Прежде всего она отзеркалила Марысе, почти воочию представляя, как хмурятся ее темные пушистые брови.
[ʍᥲρыᥴя]: Ты позволишь рассказать об этом Войтеку и Касе?
Быгдощец Войтек(Ян Войцех Брдецкий) был парнем Марыси, катовичанка Кася(Катажина Эмилия Клодницкая) — ее подругой. Мырыся доверяла им всецело, так как же Саша могла выказать недоверие? Она написала: Конечно, рассказывай.
Свое объединение они назвали "От Волги до Прегеля", и, помимо Саши, Марыси, Войтека и Катажины, туда вошла и татарка Камалия Зилант, десятиклассница с Хорса и известная болтушка, отношения которой с Мишей Московским, чей дед был предыдущим Магистром, были достоянием всей школы.
Целый месяц они выстраивали сложные своднические планы, но потом Саша влетела в Касину комнату, где собиралось их "тайное общество" и сказала:
— А знаете, ребятки, — ("ребятки" к компании, в которой был только один парень, звучало забавно.) — Я говорила сегодня с Вилей, она стала такая, как всегда была. Похоже, нашему обществу пора самораспускаться. Как там у вас это сказали? — кинула взгляд на Марысю она. — "Вынести знамя"?

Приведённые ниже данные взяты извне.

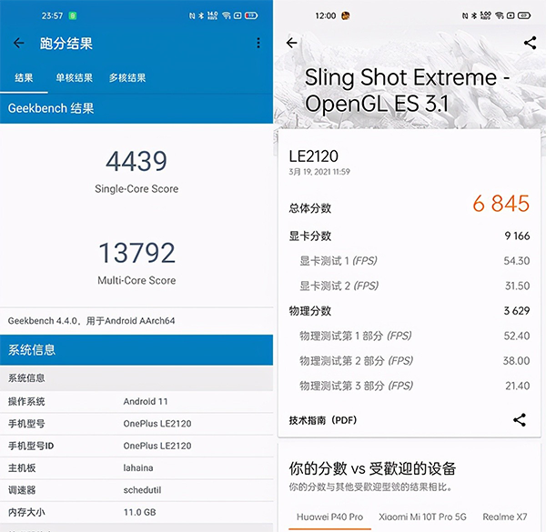 在Geekbench4跑分中,一加9 Pro單核跑分為4439分,多核跑分達(dá)13792分,CPU部分性能表現(xiàn)出色,代表這款手機(jī)在運(yùn)行時(shí)有著非常高的處理效率。在3DMark跑分中,這款手機(jī)OpenGLES3.1分?jǐn)?shù)為6845分,3D性能表現(xiàn)優(yōu)秀,加之高通驍龍888針對(duì)游戲的優(yōu)化,使得這款手機(jī)在玩游戲時(shí),能消費(fèi)者提供精致細(xì)膩的游戲畫面。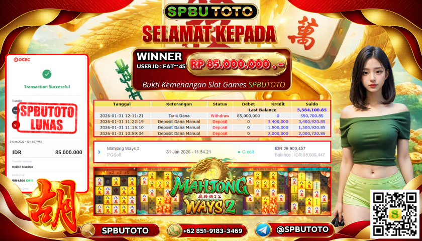 BUKTI JACKPOT SLOT GAMES 31 Januari 2026 Posted by Admin SPBUTOTO MAHJONG WAYS 2 SABTU, 31 JANUARI 2026 RP 85,000,000,- SELAMAT KEPADA PEMENANG, SALAM JP Updated: 31 Januari 2026 at 14:25 ◀ BUKTI JACKPOT SLOT GAMES BUKTI JACKPOT TOGEL ONLINE ▶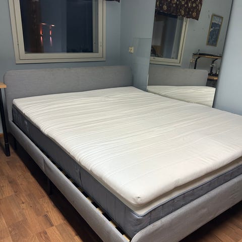 Myydään Ikean Slattum- merkkinen sängynrunko. Materiaali metallia ja kangasverhoilu. Väri harmaa. Leveys 140cm ja pituus 200cm . Sopii hyvin kapeaksi parisängyksi/ leveämmäksi nuorisosängyksi. Myydään purettuna ja kokoamisohje löytyy. Ruuvit pakattuna talteen. Maksu käteisellä ja vain nouto.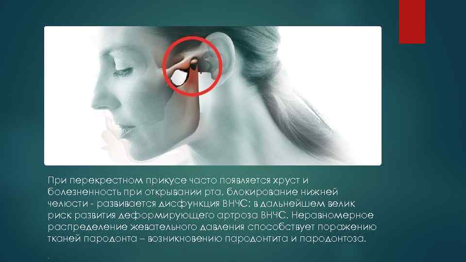 При перекрестном прикусе часто появляется хруст и болезненность при открывании рта, блокирование нижней челюсти - развивается дисфункция ВНЧС; в дальнейшем велик риск развития деформирующего артроза ВНЧС. Неравномерное распределение жевательного давления способствует поражению тканей пародонта – возникновению пародонтита и пародонтоза. .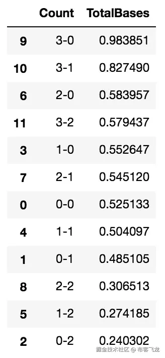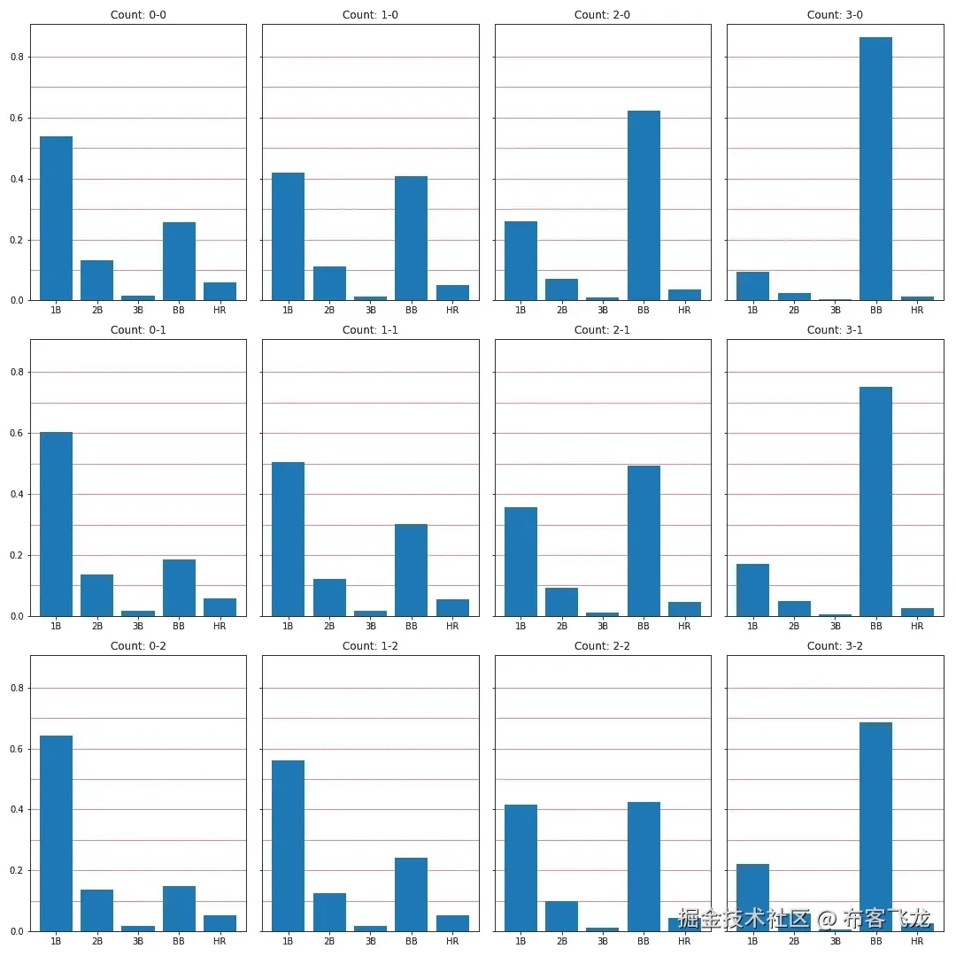 正如大多数棒球迷所期待的那样,你上垒的最好机会是在 3 比 0 的时候,因为你最有可能保送,也最有可能三振出局。根据同样的逻辑,你最差的得分是 0-2,因为投手有更多的机会三振你,而且不用担心保送击球手。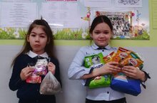 Ученицы 2А класса Кравченко Даяна и Рахманова Самира участвуют в Благотворительной акции по сбору кормов, лекарств и бытовых предметов для бездомных животных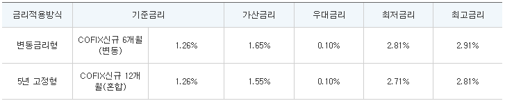 대구은행 주택담보대출 이자율(금리)에 대해서 알아보도록 하겠습니다. 이자율(금리)은 변동금리형의 경우 최저금리 연 2.81%~최고금리 연 2.91%로 정해지고, 5년 고정형일 경우 최저금리 연 2.71%~최고금리 연 2.81%로 정해지고 있습니다.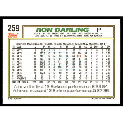 This is a 1992 Topps Ron Darling baseball card. The card is #259 and pictures show condition.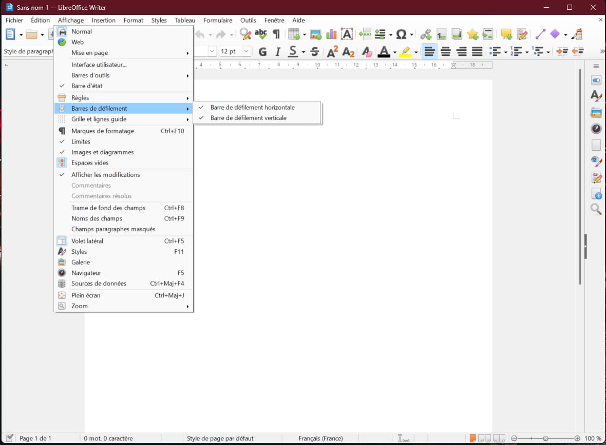 Donc voilà : dans Libre Office Writer, ma barre de défilement horizontale a disparu. Sur les forums, je vois bien des messages de gens ayant eu ce souci, mais, problème : toutes les réponses renvoient soit vers le menu "Affichage ==> Barre de défilement" où là, on rétablit la barre voulue, soit vers le menu outils ==> options ==> Affichage, où là aussi on trouve dans la fenêtre, une ligne qui concerne les barres de défilement

— Да, tak, — кивнула Марыся.
Камалия цокнула языком.
— Ты уверена, Петра? Одна моя подруга, она простец, вела себя точно так же. Вот только она очень страдала.
— И что случилось потом? — поинтересовалась Кася.
— Этим летом я вырвала из ее рук нож.
Марыся судорожно перекрестилась.
— Виля слишком рассудительна для такого, — сказала Саша. — Но я буду приглядывать за ней. И ты, Мариечка, тоже.
Мария серьезно кивнула.
* * *
Правы были и Саша, и Камалия. Всю свою душу Виля отдала балетному кружку.
Балетный кружок ставил дивертисмент, состоящий из номеров "Лебединого озера". Одеттой-Одиллией выбрали Вилю. Ее Зигфридом стал ее погодка Андрюс Вилис, уроженец Вильнюса. Он был высокий и светловолосый, с античными чертами лица, но главное — прекрасный партнер.
Андрюс довольно быстро обрел привычку провожать Вилю после кружка. Как-то раз Виля пожаловалась:
— Знаешь, Андрис, я совершенно не понимаю, что мне делать с Одиллией!
Андрюс на мгновение свел брови вместе, но потом ответил:
— А знаешь, Виля, быть может, тебе стоит попробовать вспомнить свои обиды?
Виля почувствовала, как глаза наполняются слезами.
— Спасибо, Андрис. Ты меня очень выручил.
— Да ладно тебе, — улыбнулся он. — Знаешь, Виля... Я бы хотел тебя попросить кое о чем, на правах вечного партнера.
— Проси, — улыбнулась Виля в ответ.
— Пожалуйста, не зови меня Андрисом. Я же не латыш, в конце концов. Если не получается звать Андрюсом — зови по-польски: Ендрек.
— Но это же неправильно — литовца называть как поляка!
— Да что там, — махнул он рукой. — Речи Посполитой никто не отменял.
— Хорошо, Ендрек, — улыбнулась Виля. Они стояли возле двери в ее комнату. — Ну, привет.
— Привет! — ответил Андрюс и склонился в полупоклоне.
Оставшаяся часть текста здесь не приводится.